(Stored items)
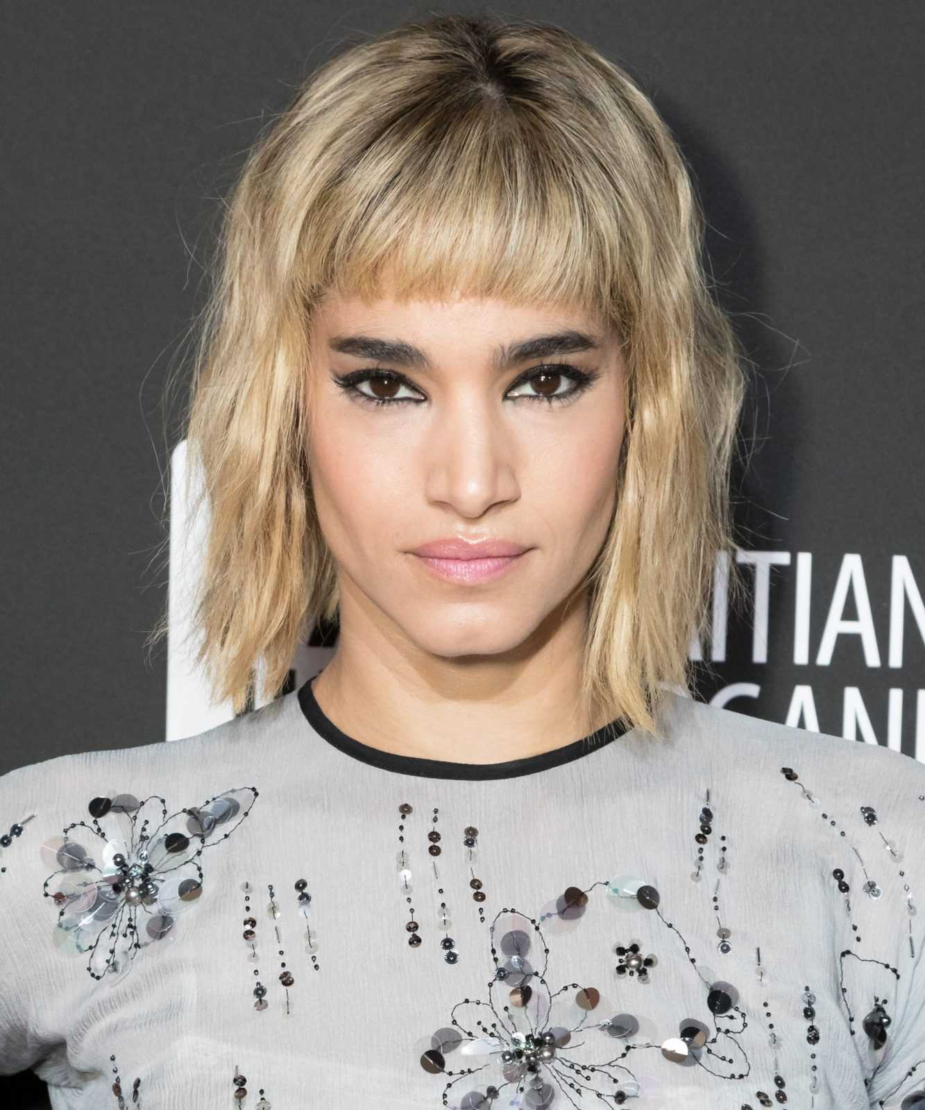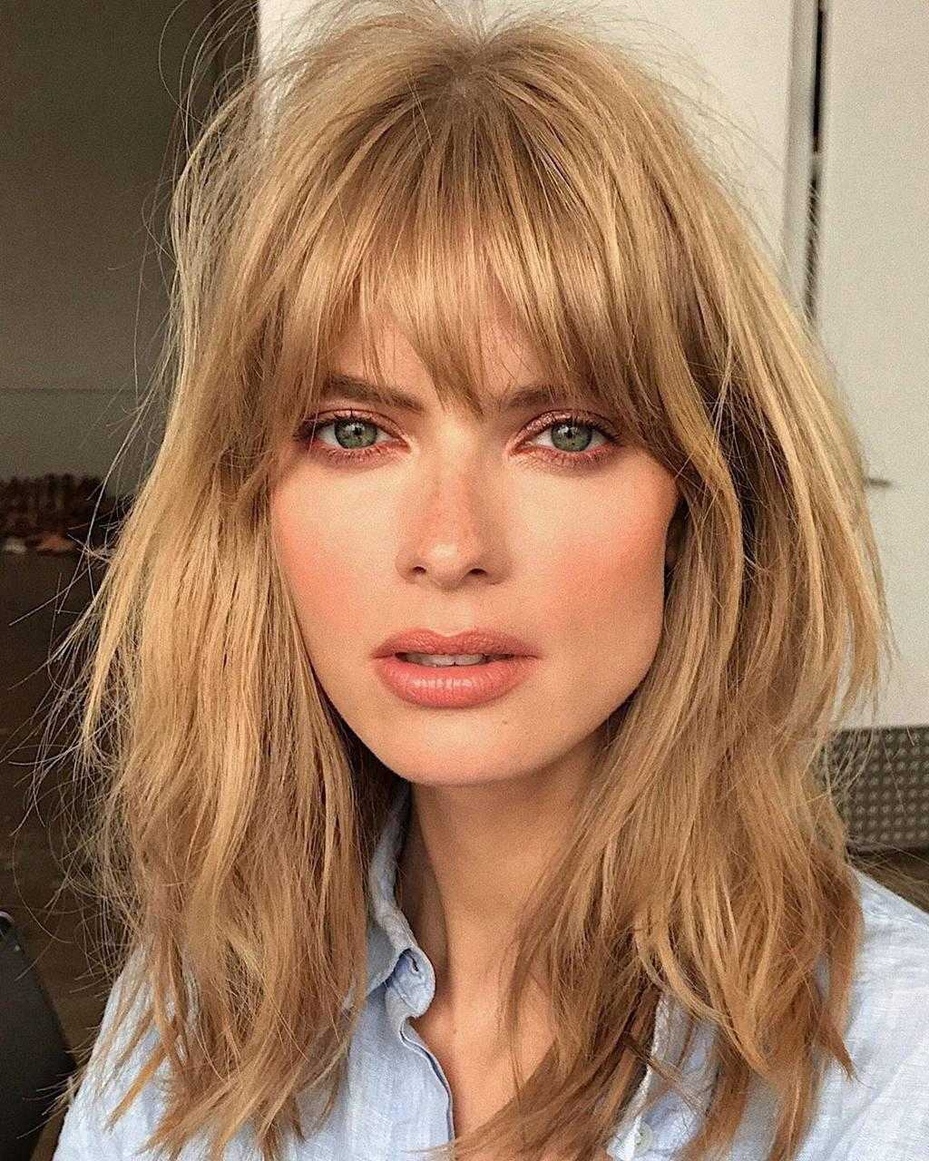 Длинную челку, разделенную по центру прямым пробором, словно шторка, выбирают многие модели и знаменитости.
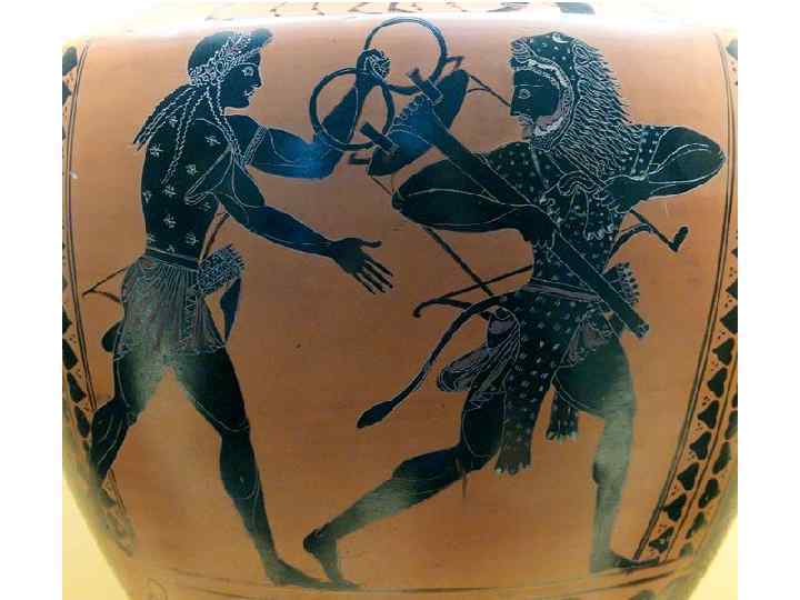 «Геракл и немейский лев; Геракл и Тритон» Гидрия чернофигурная. Манера мастера Антимена. Глина. Резьба, белая краска. 520 -500 гг. до н. э. Санкт-Петербург, Государственный Эрмитаж.
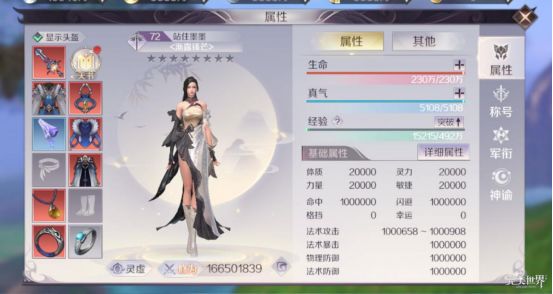 通过点击主界面左上角的人物头像可以进入到属性界面,在属性界面中我们可以看到人物的外形、已经佩戴的装备、修为、生命、真气以及一些基础属性。同时,在属性界面右侧的菜单中,我们还可以选择查看自己获得的称号、军衔以及神谕。
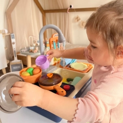 Krāns ar īstu ūdens cirkulāciju ļauj bērniem interaktīvi mācīties un rotaļāties kā īstā virtuvē.
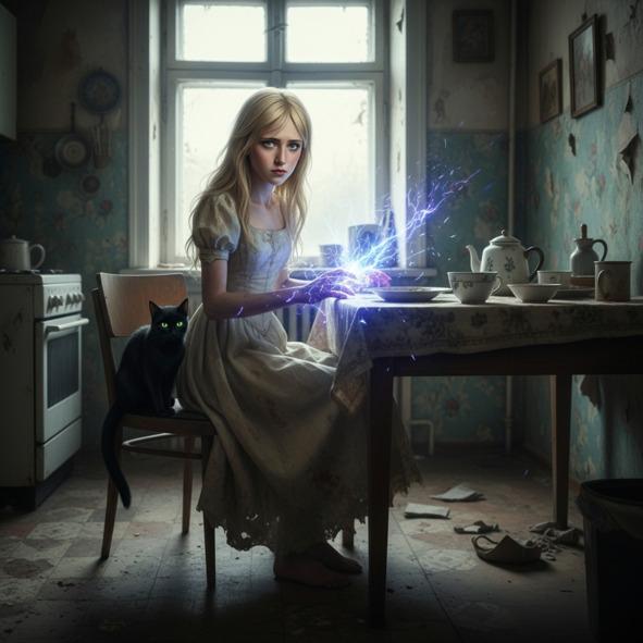 «Что это? Какая-то магия движения?» — мысленно вскрикнула я, обращаясь к коту. «Никакой магии. Механика и электричество, принцесса», — донёсся до меня голос Бастета. Стальной червь остановился, его бока разъехались, и толпа хлынула внутрь. Меня буквально внесли в вагон. Поезд дёрнулся и понёсся по тёмному тоннелю. За окном проносились лишь редкие огни. Скорость была поразительной. Конечно, это не мгновенный перенос через портал, но для путешествия без единого заклинания… это было невероятно. Я смотрела на безразличные лица пассажиров: они читали книги, смотрели в светящиеся прямоугольники в своих руках, спали. Для них это чудо было обыденностью. Я поражалась мощи этого мира. Мощи, которая не зависела от дара богов или крови предков. Это была мощь разума, заключённая в металл и провода. И это одновременно восхищало и пугало. Наконец мы снова выбрались на поверхность, в серый и унылый район, состоящий из одинаковых высоких домов-коробок.
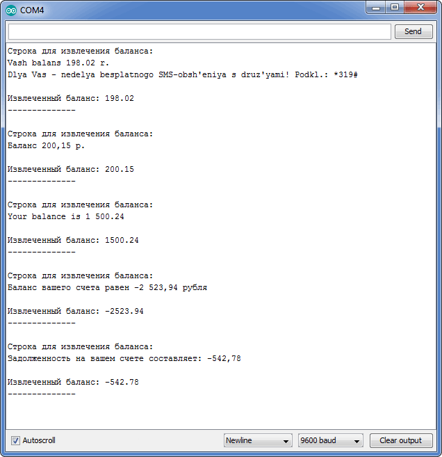 Далее, не составит труда получить необходимую информацию и задать требуемую логику приложения. Функция по «извлечению» состояния баланса из сообщения: |
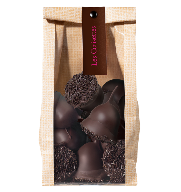 Jeff de Bruges cerisettes? A true delight! It’s time to taste these whole cherries macerated in Kirsch, coated in dark chocolate! Whole cherries contain pits. Cherry stems made of non-edible plastic.
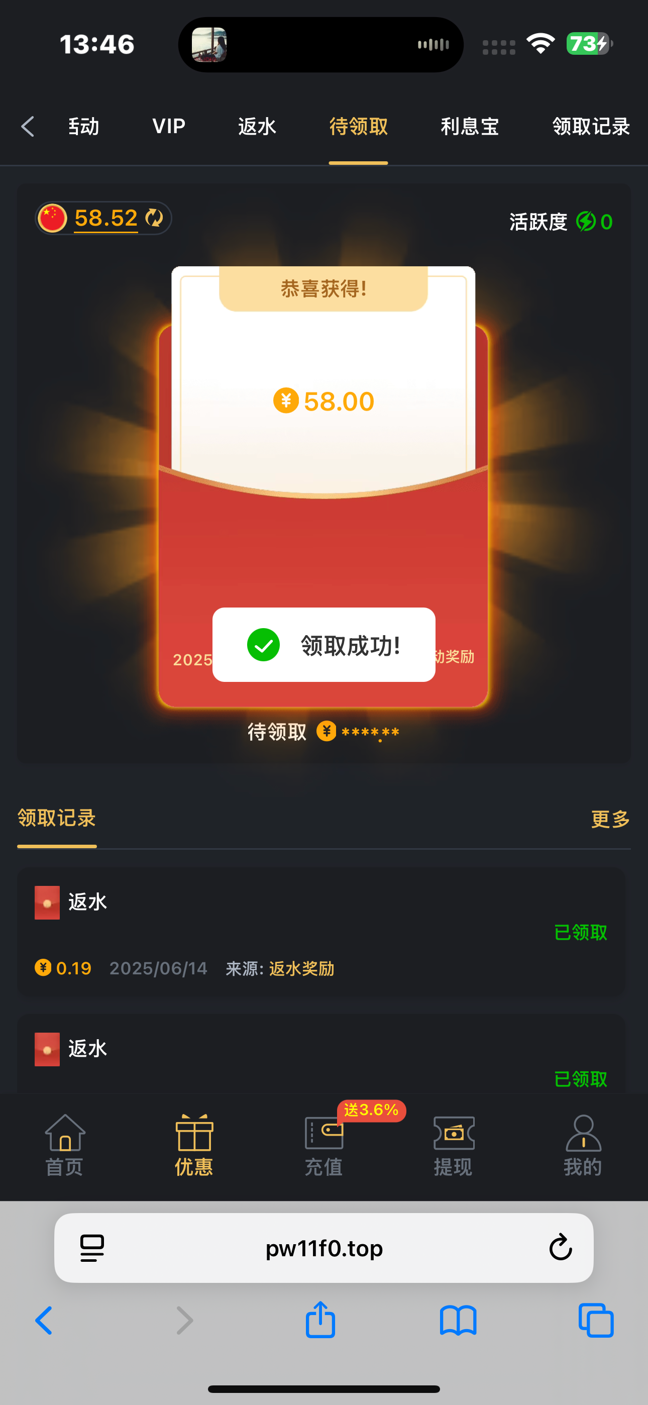领到58
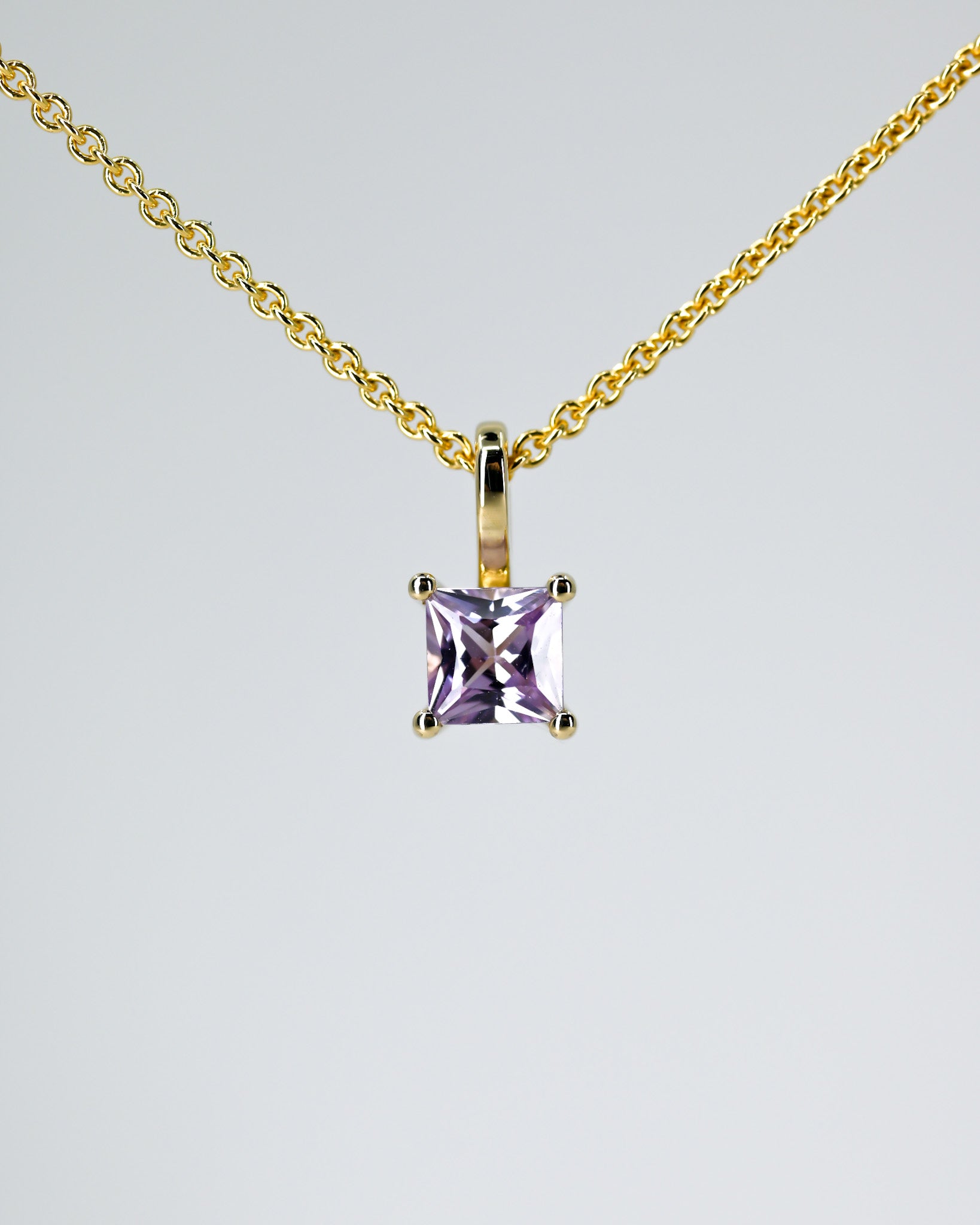 Pendentif en or jaune 10k serti d'un joli saphir carré rose/mauve pâle.

== What the task requires ==
Above are some records; extract exactly the lines from the one containing "通过点击主界面左上角的人物头" through the one containing "Krāns ar īstu" and drop the pictures.

== Written solution ==
 通过点击主界面左上角的人物头像可以进入到属性界面,在属性界面中我们可以看到人物的外形、已经佩戴的装备、修为、生命、真气以及一些基础属性。同时,在属性界面右侧的菜单中,我们还可以选择查看自己获得的称号、军衔以及神谕。
 Krāns ar īstu ūdens cirkulāciju ļauj bērniem interaktīvi mācīties un rotaļāties kā īstā virtuvē.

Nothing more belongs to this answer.